Thoughts and emotions are noise as well. Just like birds or traffic or the dog barking down the street, some of them are more pleasant or interesting to experience than others.
It’s all noise, and the silence is always there.
From our earliest childhood we’re taught to pay attention to noise, not to silence. The noise of someone talking; the noise of a honking car or a warning siren; the noise of television and radio. The noise of your thoughts as you try to think through a problem; the noise of your emotions as you experience life. The visual noise of everything you see, the patterns of sunlight on the leaves and the lines of text on your computer screen.
I’d like to invite you to listen to silence and participate in stillness. It’s there, within, under, and around all the noise.
As you become more conscious of silence and stillness, you’ll become aware of spaciousness, a feeling of calm and quiet even in the midst of chaos.
How do you find it? Here are a few suggestions.
Close your eyes and really listen. There’s more to hear than you think. Listen to it all; hear it all. And then hear beyond it all. What’s there? How does it sound?

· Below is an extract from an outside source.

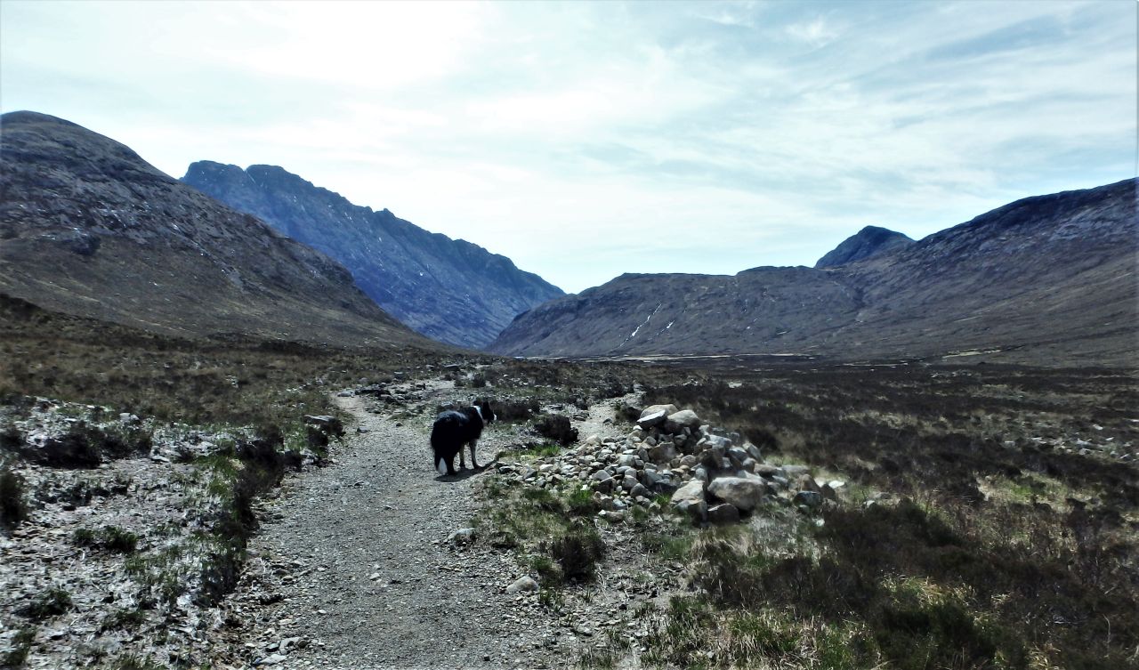 As I crossed the col where I had stopped on the way out, ‘Mist’ immediately went in search of any lost crumbs – Border Collies are a bit too clever at times!    Then it was the long return to Glen Sligachan – I don’t find ‘out and back’ trips boring, as you get to see everything from a new perspective, but as we approached the Sligachan Hotel I suspect that the only thing ‘Mist’ wanted to see was a full dinner dish.

As you become more attuned to silence and stillness, you’ll notice how much more you’re hearing — birdsong and breezes, the sound of a lawn mower or a refrigerator motor, even your own beating heart and growling stomach. And through it all, deep, strong silence.
Meditation reveals silence and stillness inside yourself, where you can begin to reclaim your natural groundedness.
Just as when you listen to external noises and hear silence underneath, so you can turn inside and listen to your thoughts and emotions. What’s underneath them? How does it feel?
When you become aware of stillness and silence behind your thoughts and emotions, you’ll find it easier to just be with those thoughts and emotions. From the groundedness of silence, you’ll have less and less desire to change how you feel.
Like most of my clients, you’re probably a champion multi-tasker.
Stop. Experience one thing at a time; don’t drown your perceptions with noise from all directions.
When you take a walk, just walk — experience what you see, feel, smell, hear. When you sit down to dinner, just eat — experience what you taste, see, smell, chew.
Your physical, tactile experience of life is grounded in stillness. As you allow yourself to experience, fully experience without reading a book or watching TV (or whatever your multitask of choice may be), you’ll feel yourself standing in that vast, still silence.
You’ve almost certainly had your own experiences of silence and stillness. Remember them — remember what they felt like and what you were doing at the time.
One client wrote to me last New Year’s Day. Taking an early-morning walk on the beach, she’d experienced a deep sense of silence, stillness, and joy — even though the waves were crashing, the wind was blowing, and the birds were waking up and singing their morning chorale. She was a little baffled by how she could experience silence in the midst of all that noise, stillness in the midst of all that motion — but she also knew it was very real.
While you can’t recreate an experience, you can use the memory as a reminder of the constant presence of stillness and silence.
Who is it — what is it — that experiences silence and stillness?
“In the attitude of silence the soul finds the path in a clearer light, and what is elusive and deceptive resolves itself into crystal clearness. Our life is a long and arduous quest after Truth.” Mohandas (Mahatma) Gandhi, 1869-1948, political and spiritual leader of India whose non-violent resistance movement led to India’s independence.